On 09/11/2013 05:40 AM, Jonathan Greenberg wrote:
R-helpers:

One of my intrepid students came up with a solution to a problem where
they need to write a function that takes a vector x and a "scalar" d,
and return the indices of the vector x where x %% d is equal to 0 (x
is evenly divisible by d).  I thought I had a good handle on the
potential solutions, but one of my students sent me a function that
WORKS, but for the life of me I can't figure out WHY.  Here is the
solution:

remainderFunction<-function(x,d)
{
    ifelse(x%%d==0,yes=return(which(x%%d==0)),no=return(NULL))
}
remainderFunction(x=c(23:47),d=3)

I've never seen an ifelse statement used that way, and I was fully
expecting that to NOT work, or to place the output of which(x%%d==0)
in each location where the statement x%%d==0 was true.
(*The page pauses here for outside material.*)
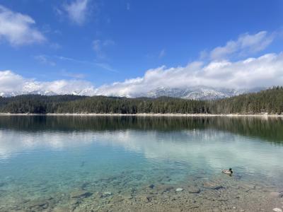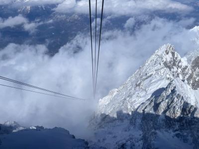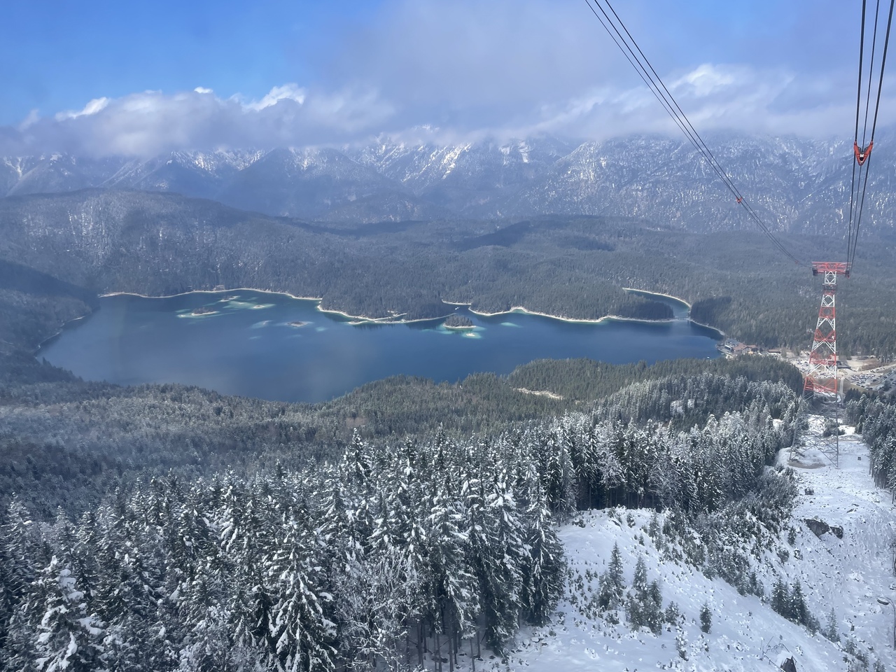 ツークシュピッツェの展望台からは雲があり全景が見えませんでしたが、ロープウェイから美しい全景が見えました。登山鉄道からも一瞬みえ、雪景色の中のアイプゼーに歓声があがりました。

Any ideas on deconstructing this?

--j

Hi Jonathan,
While this has already been answered, the question was "why does it work?". As Bill Dunlap pointed out, it is because the "return" does not allow the ifelse to complete. That was not a problem for the student, for it did do what was requested. It is just an unnecessary elaboration of the code, for:

remainderFunction<-function(x,d) {
 which(x%%d==0)
}

works just as well. I think Bill was pointing out the the order of evaluation was important, for:

remainderFunction<-function(x,d) {
 which(return(x%%d==0))
}

doesn't work. The student probably deserves a Rube Goldberg award.